• **YOUR INSTRUCTIONS**:
Leave the pictures behind and repeat all the entries exactly.
-----
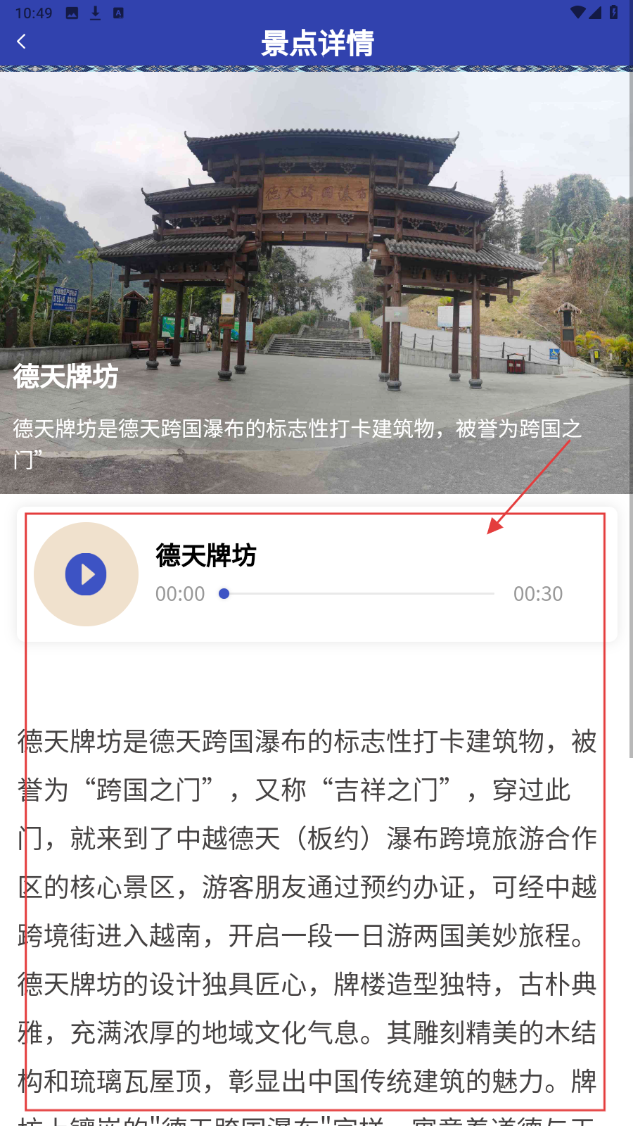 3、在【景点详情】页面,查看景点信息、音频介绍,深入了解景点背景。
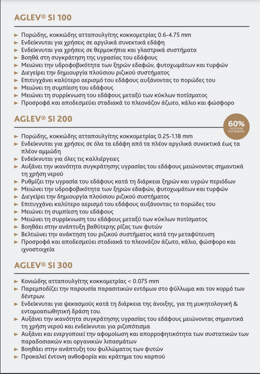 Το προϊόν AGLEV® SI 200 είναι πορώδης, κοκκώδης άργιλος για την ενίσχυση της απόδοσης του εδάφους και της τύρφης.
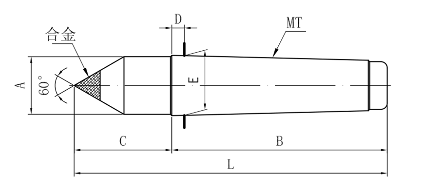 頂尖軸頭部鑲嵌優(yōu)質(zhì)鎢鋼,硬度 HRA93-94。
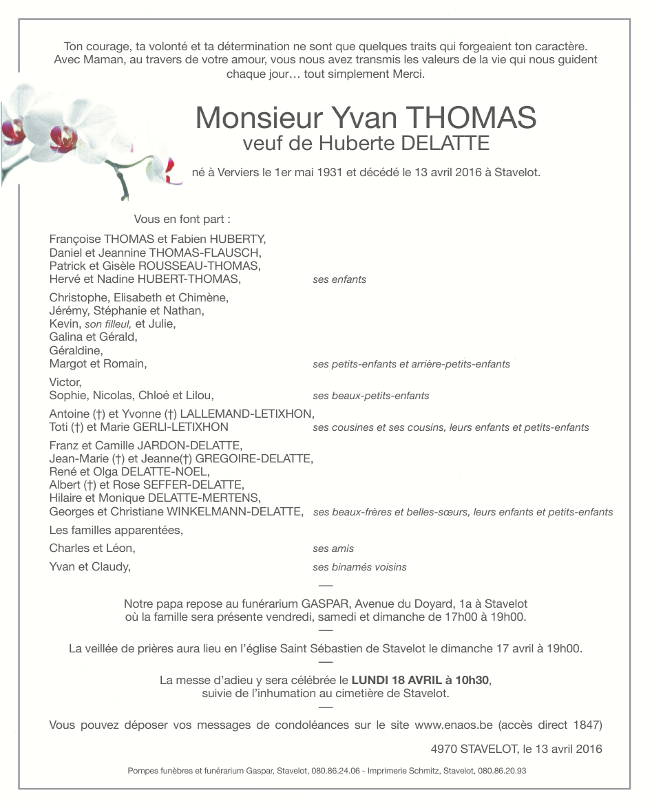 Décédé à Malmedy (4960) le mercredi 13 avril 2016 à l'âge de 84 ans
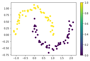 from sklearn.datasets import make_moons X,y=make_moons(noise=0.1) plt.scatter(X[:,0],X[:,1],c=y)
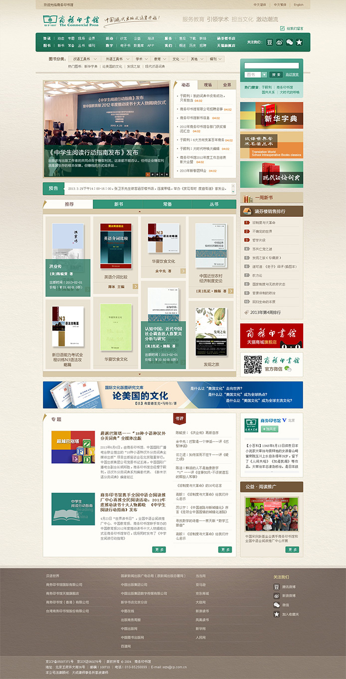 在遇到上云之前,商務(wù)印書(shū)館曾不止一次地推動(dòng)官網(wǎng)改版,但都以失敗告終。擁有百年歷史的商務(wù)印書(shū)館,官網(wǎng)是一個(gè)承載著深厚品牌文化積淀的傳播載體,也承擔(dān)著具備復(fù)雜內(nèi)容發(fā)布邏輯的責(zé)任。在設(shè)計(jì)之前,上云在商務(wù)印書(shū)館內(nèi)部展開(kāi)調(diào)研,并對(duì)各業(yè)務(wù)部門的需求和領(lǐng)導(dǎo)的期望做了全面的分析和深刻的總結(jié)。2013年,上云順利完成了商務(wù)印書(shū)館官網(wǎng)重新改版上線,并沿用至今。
-----
• **EXERCISE SOLUTION**:
 3、在【景点详情】页面,查看景点信息、音频介绍,深入了解景点背景。
 Το προϊόν AGLEV® SI 200 είναι πορώδης, κοκκώδης άργιλος για την ενίσχυση της απόδοσης του εδάφους και της τύρφης.
 頂尖軸頭部鑲嵌優(yōu)質(zhì)鎢鋼,硬度 HRA93-94。
 Décédé à Malmedy (4960) le mercredi 13 avril 2016 à l'âge de 84 ans
 from sklearn.datasets import make_moons X,y=make_moons(noise=0.1) plt.scatter(X[:,0],X[:,1],c=y)
 在遇到上云之前,商務(wù)印書(shū)館曾不止一次地推動(dòng)官網(wǎng)改版,但都以失敗告終。擁有百年歷史的商務(wù)印書(shū)館,官網(wǎng)是一個(gè)承載著深厚品牌文化積淀的傳播載體,也承擔(dān)著具備復(fù)雜內(nèi)容發(fā)布邏輯的責(zé)任。在設(shè)計(jì)之前,上云在商務(wù)印書(shū)館內(nèi)部展開(kāi)調(diào)研,并對(duì)各業(yè)務(wù)部門的需求和領(lǐng)導(dǎo)的期望做了全面的分析和深刻的總結(jié)。2013年,上云順利完成了商務(wù)印書(shū)館官網(wǎng)重新改版上線,并沿用至今。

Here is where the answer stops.